The loss of quality when successive compressions are performed is cumulative. This means that if an image is compressed and then decompressed, image quality will be lost, but if an already compressed image is recompressed, the loss will be even greater. Each successive compression will cause further loss of quality. Lossy compression is not suitable for images or graphics that have very sharp text, lines, or borders, but it is suitable for files that contain large areas of solid colors.
The JPEG format does not include in its encoding the management of the alpha channel, which is what defines the opacity of a pixel in an image. Therefore, unlike formats such as PNG, or variants of the standard such as JPEG 2000, the standard JPEG format is not capable of managing transparency.
Encoding
Many of the features of the JPEG standard are rarely used. This is a brief description of one of the many commonly used methods to compress images when applied to an input image with 24 bits per pixel (eight each for red, green, and blue, or "8 bits per pixel). channel"). This particular option is a lossy compression method.

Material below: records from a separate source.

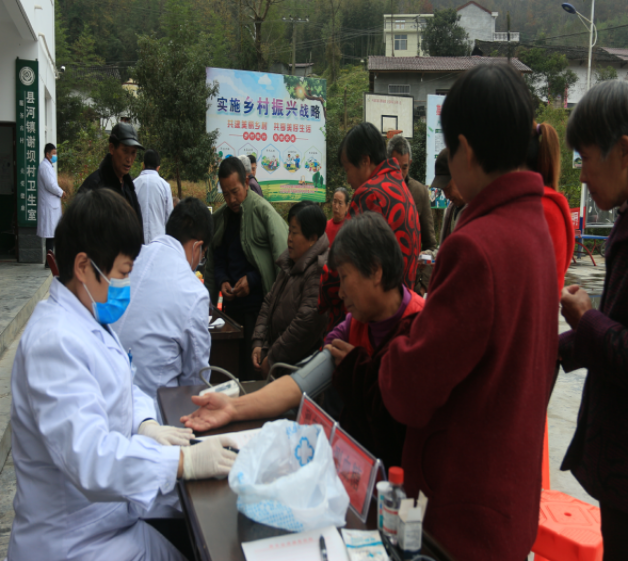 2021年11月18日,由运动健康科学学院党委书记刘勇带队,西安运动创伤医院内科、外科、骨伤科、五官科医生及护理等七名医务人员携带超声、心电图,血糖仪等仪器设备前往安康市县河镇谢坝村,为村民进行义诊活动。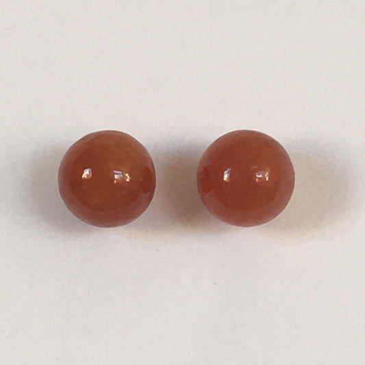 P-5203, New 14k Solid Yellow Gold Natural Red Jade Ball Earrings Studs 8mm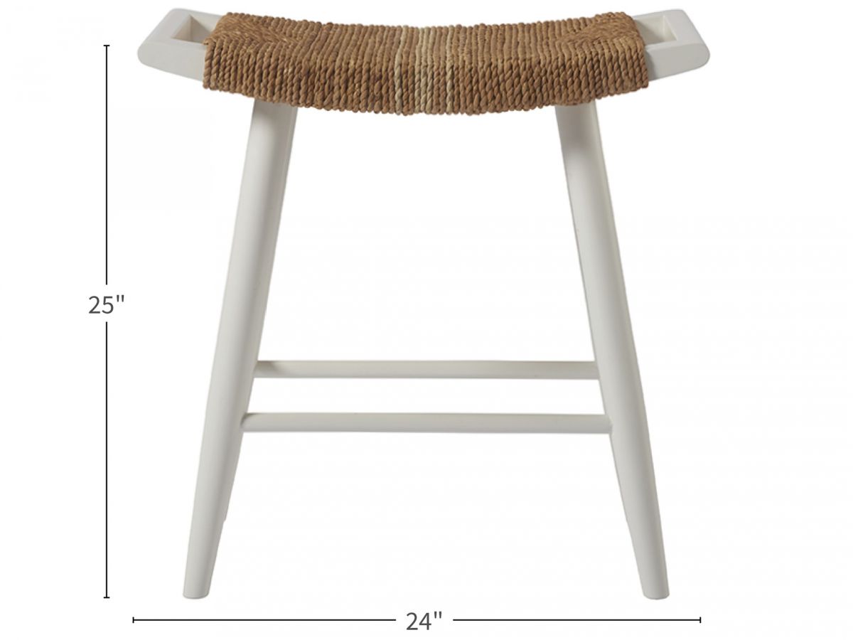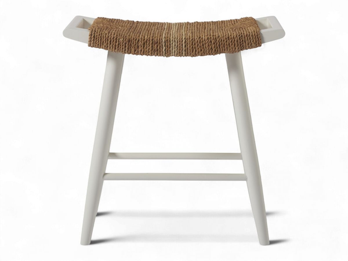 The Escape Counter Stool is designed with a white body and a neatly wrapped woven abaca seat, creating a breezy seating accent full of stylish appeal and function.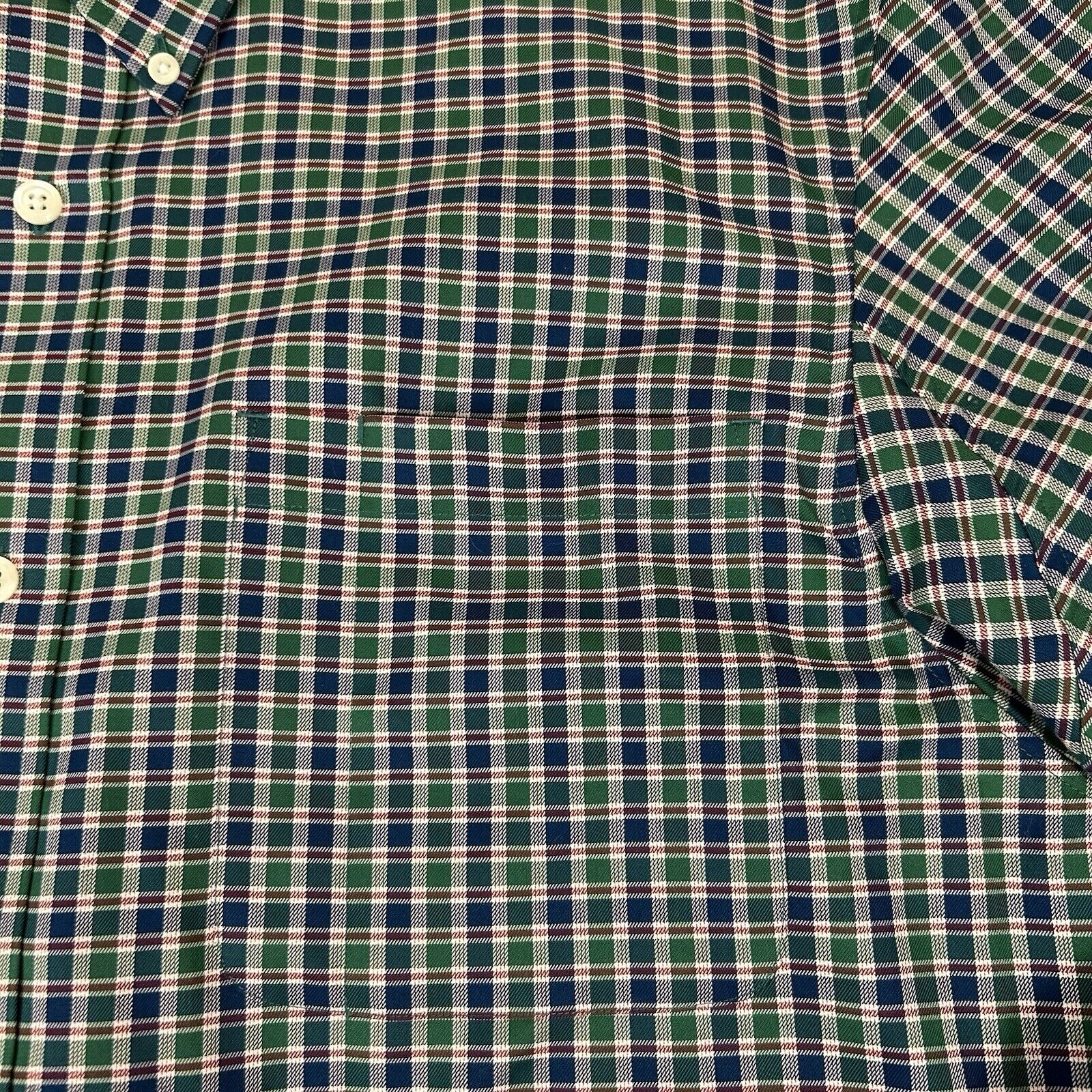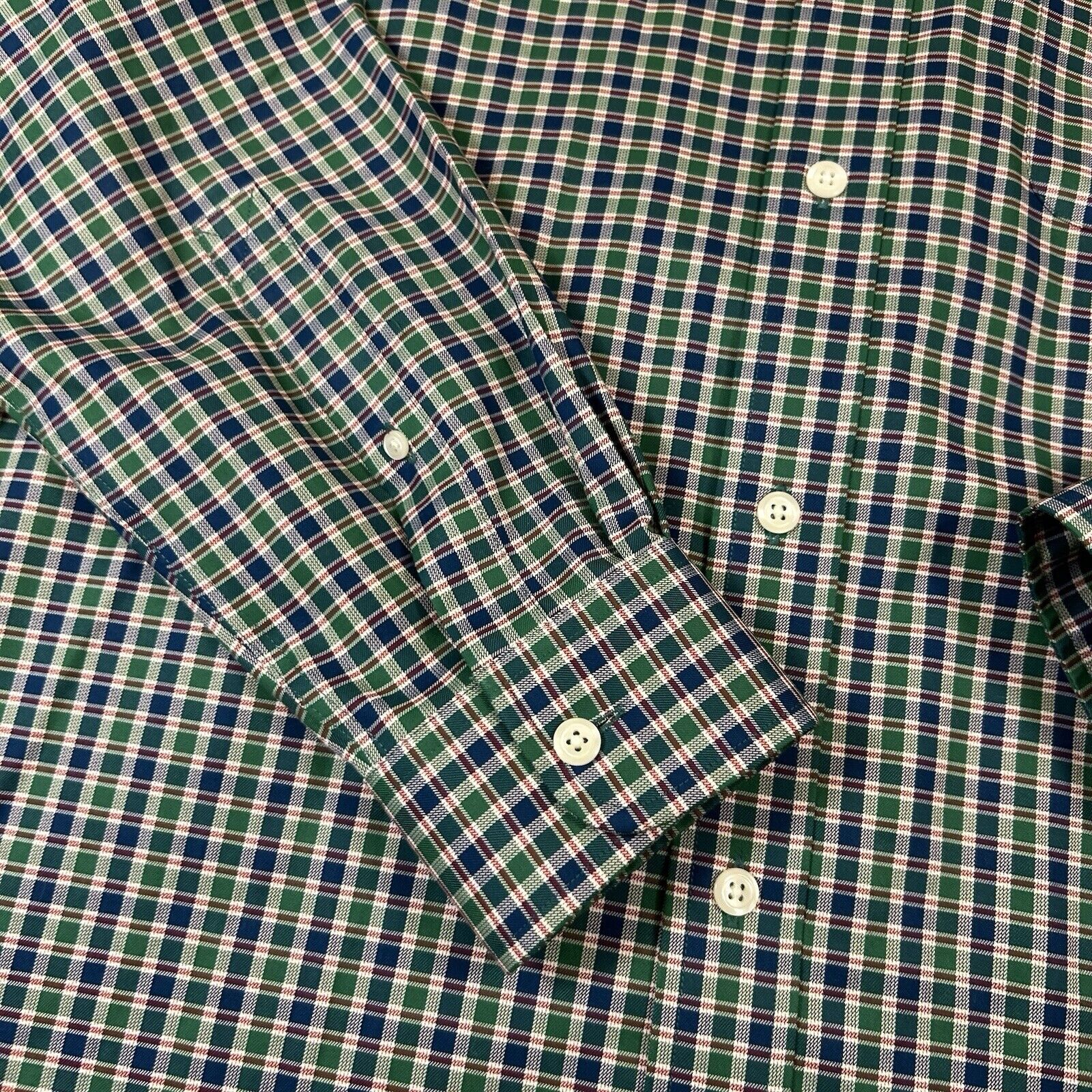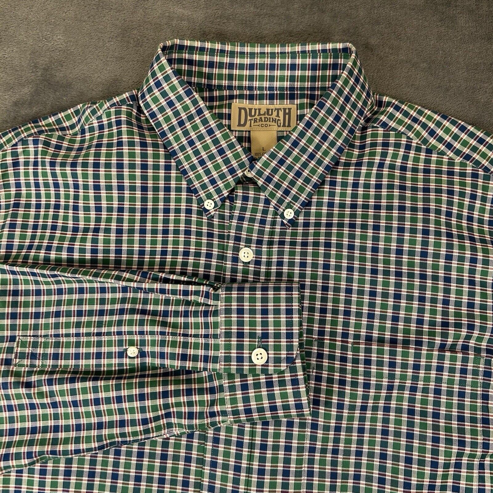 Duluth Trading Shirt Men Large Green Blue Check Button Up Long Sleeve Colorful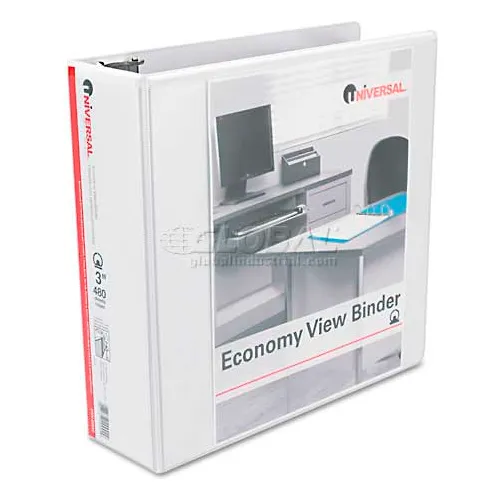 Universal® Round Ring Economy Vinyl View Binder, 3" Capacity, White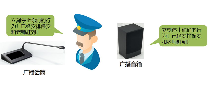 联动广播:对于突发的紧急事件,管理人员可以借助广播设备先一步发出警告威慑,及时制止冲突的加剧。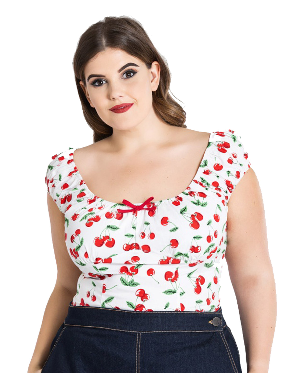 Hell Bunny SWEETIE Vintage CHERRY Kirschen Bow Schleife SHIRT Bluse - Weiß PLUS SIZE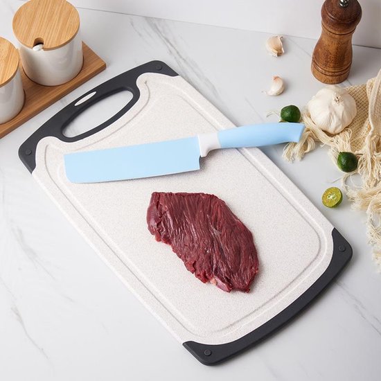 - Ingebouwde saprand (sapkanaal) vangt sappen op zodat je aanrecht droog blijft tijdens het snijden van vlees of fruit.
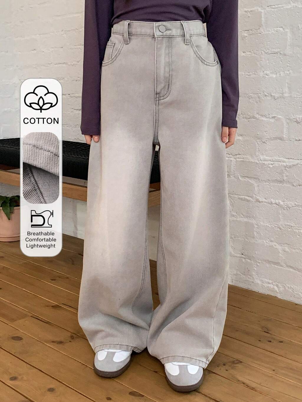 Tween Girls' Solid Color Slant Pocket Casual Versatile Wide Leg Jeans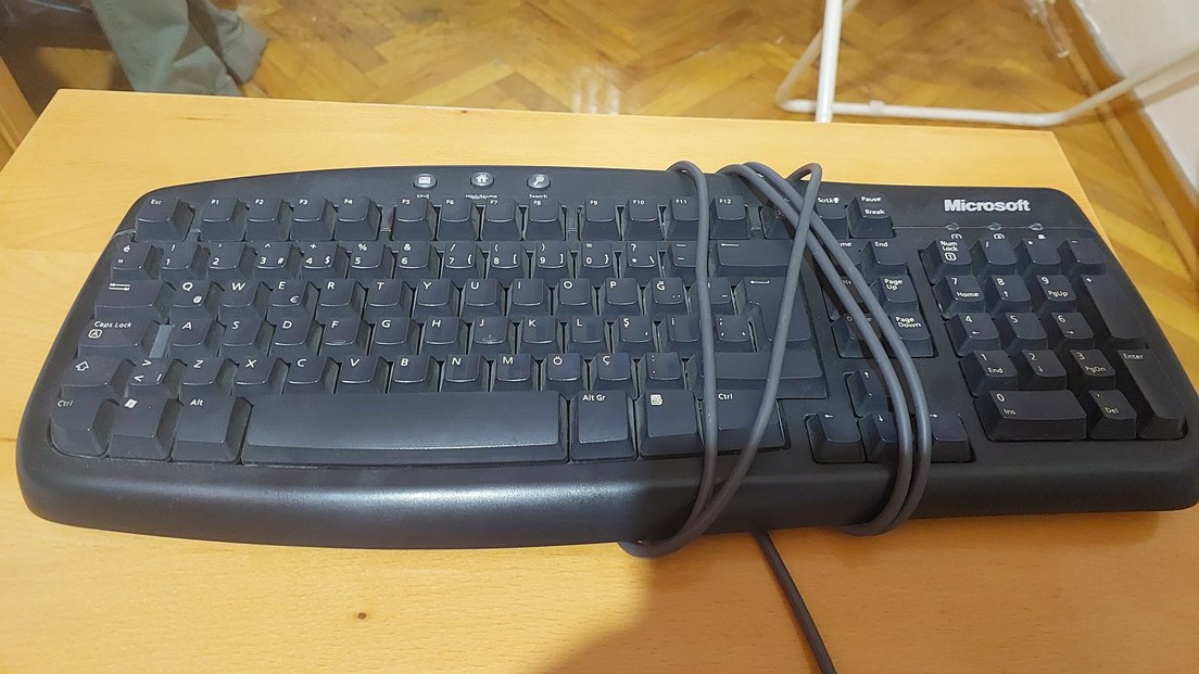 Standart tuşlara ve fonksiyon tuşlarına sahip gri kablolu klavye. Sayısal tuş takımı ve rahat bir bilek desteği içerir. calisiyor.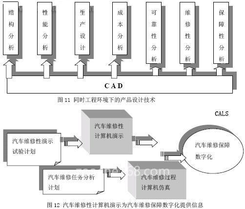 (2)汽车维修性计算机辅助分析(Car MCAE)和汽车全数字设计河开发是在同时工程环境下进行产品设计的一项重要技术(参阅图11),图中所示内容也表明其设计流程和两者之间的关系也很明确。同时,汽车维修性计算机辅助分析也是汽车维修与保障系统Car CALS发展的一个重要基础(参阅图12)。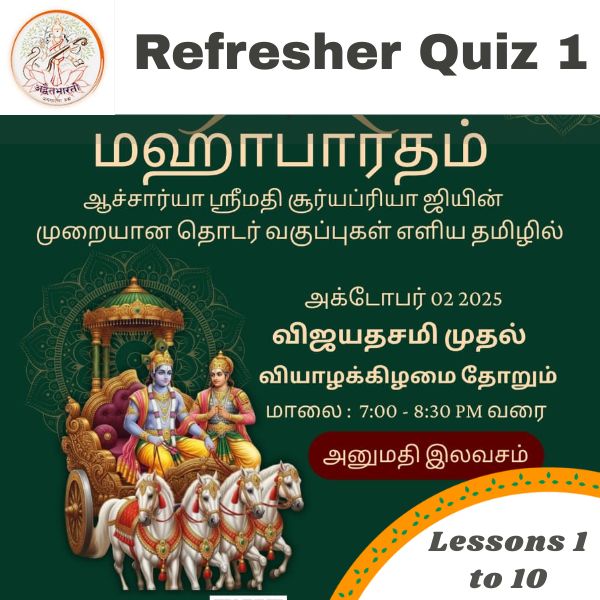 This quiz is based on the ninth class on Mahabharata by Acharya Suryapriya ji at Advaita Bharati.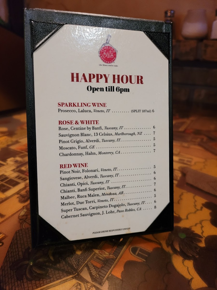 Sal's has a consistently good formula across its dozen or so locations, so wherever you are, you can have a nice Italian meal at a decent price. The location in Delray Beach has plenty of booths and a warm, welcoming feel. When we arrived at 6:00 for dinner, we noticed the place was pretty full. Most of the diners were finishing up their "early bird" dinner, which is quite popular. The server was attentive although she seemed a bit harried and was very busy. She offered us a choice of plain rolls, garlic rolls or both. Yes, please (to both)! Sal's rolls are delightful, with a nice crust and a light flaky dough. Beware though: the garlic rolls are very garlicy. Entrees come with a choice of soup or salad. Though the soup of the day, tomato florentine, sounded good, we opted for Sal's standard: pasta fagioli. It was full of pasta, beans and veggies. It was delicious but it did taste a bit salty. My wife had chicken parmesan, which she declared to be very good. It had a tasty sauce and the portion size was on the larger side. The chicken was quite tender. The only issue was that the entree, especially the pasta, was not very hot. I had the chicken marsala, which I enjoyed. The sauce was excellent and the mushrooms appeared to be fresh. As with the chicken parm, there was plenty of chicken marsala and pasta for a second meal. Bring on the doggie bags. For dessert, we had a chocolate chip cannoli and a panna cotta, which is a custard with strawberry sauce and blueberries. Buono! Is Sal's the best Italian restaurant around? Maybe not, but it is generally good and worth visiting.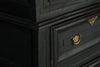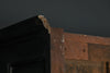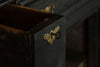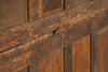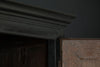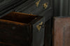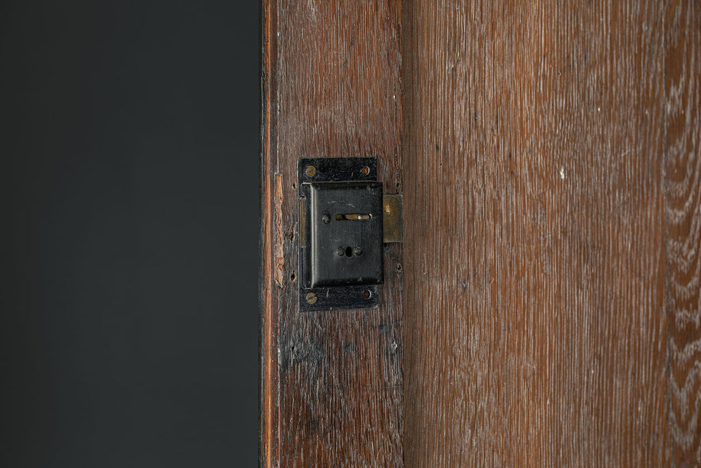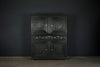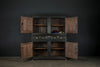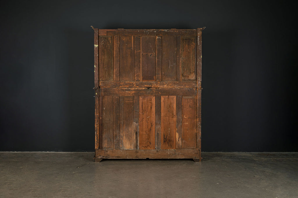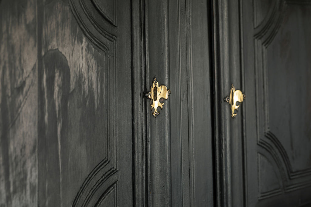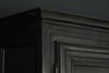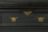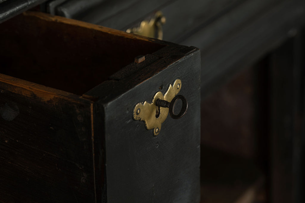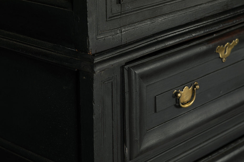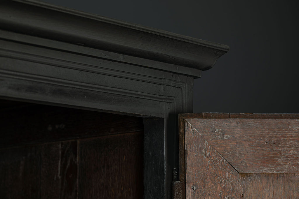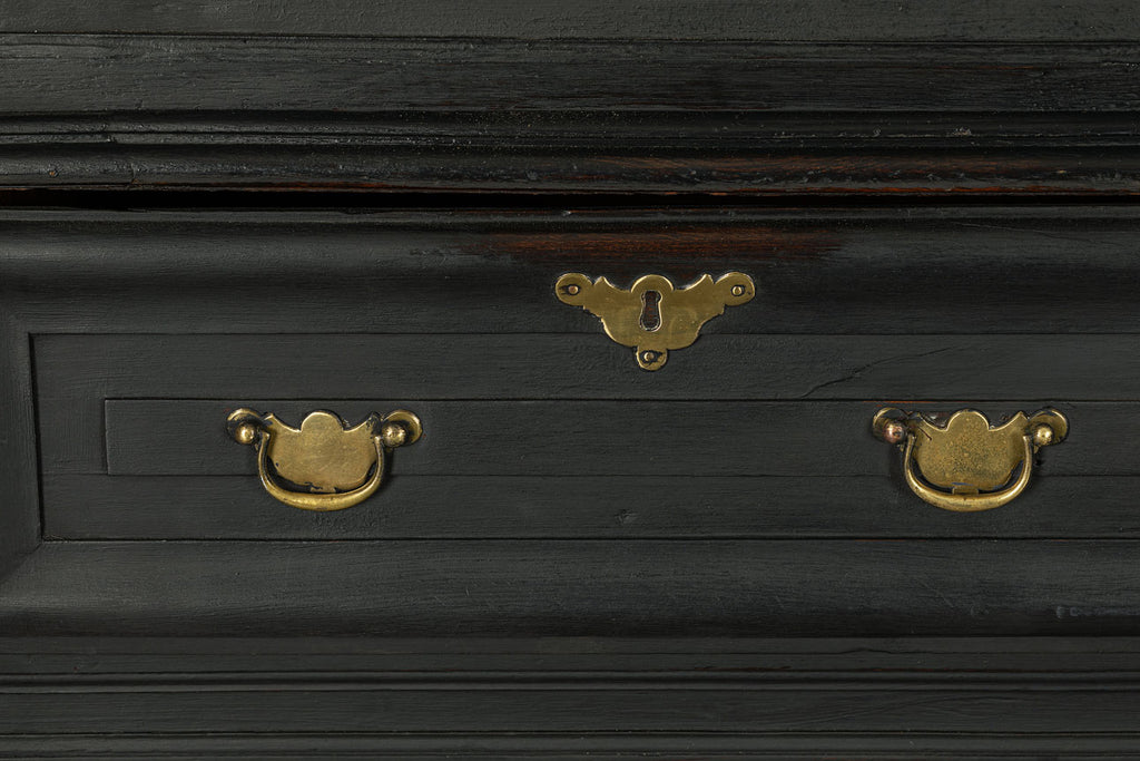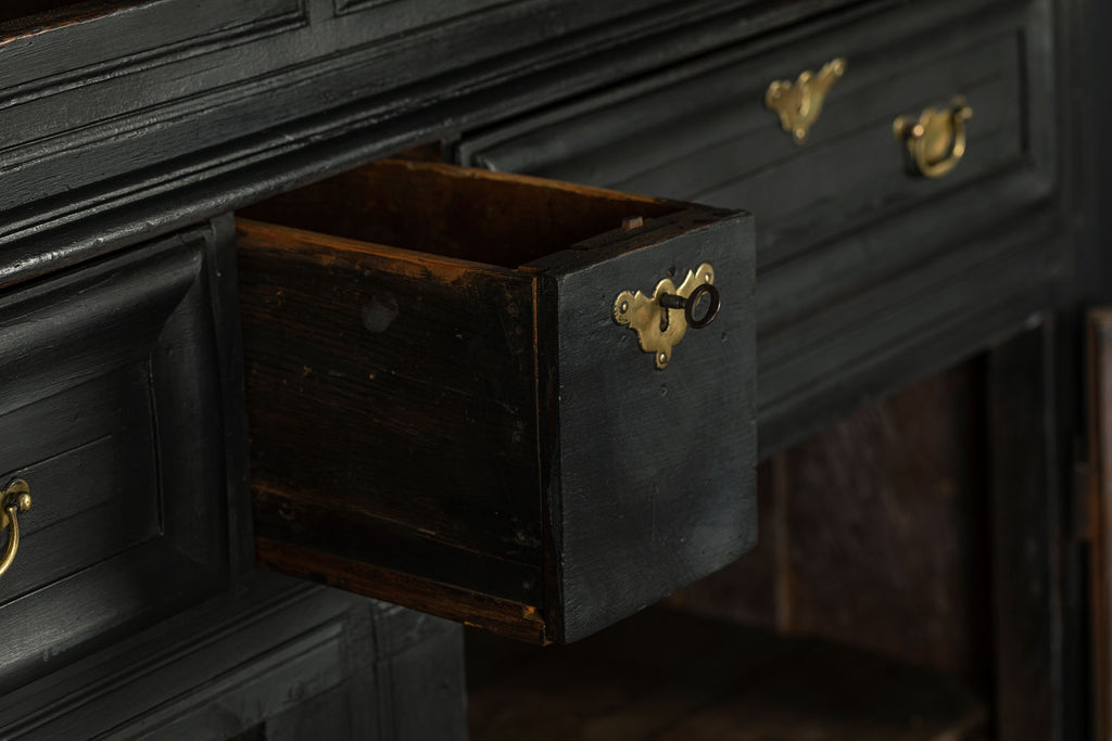 A substantial 18th Century continental ebonised oak house keeper’s cupboard enclosed by two pairs of panelled doors and three frieze drawers, with moulded outline, steel hinges, and brass handles and escutcheons. Drawers and cupboards with working locks and keys. In wonderful structural condition and the well proportioned deep original pine shelves offer a very accessible storage arrangement and the safest place to keep your witches balls. Comes in two parts for ease of transportation.

Color space transformation
It starts by converting the image from its RGB color model to another called YUV or YCbCr. This color space is similar to that used by the PAL and NTSC television color systems, but is much closer to the MAC (Multiplexed Analog Component) television system.
This color space (YUV) has three components:
- The component And, or luminance (gloss information); that is, the image in gray scale.
- Components U o Cb and V o Cr, respectively difference of blue (relativiza the image between blue and red) and difference of red (relativiza the image between green and red); both signals are known as chromancy (color information).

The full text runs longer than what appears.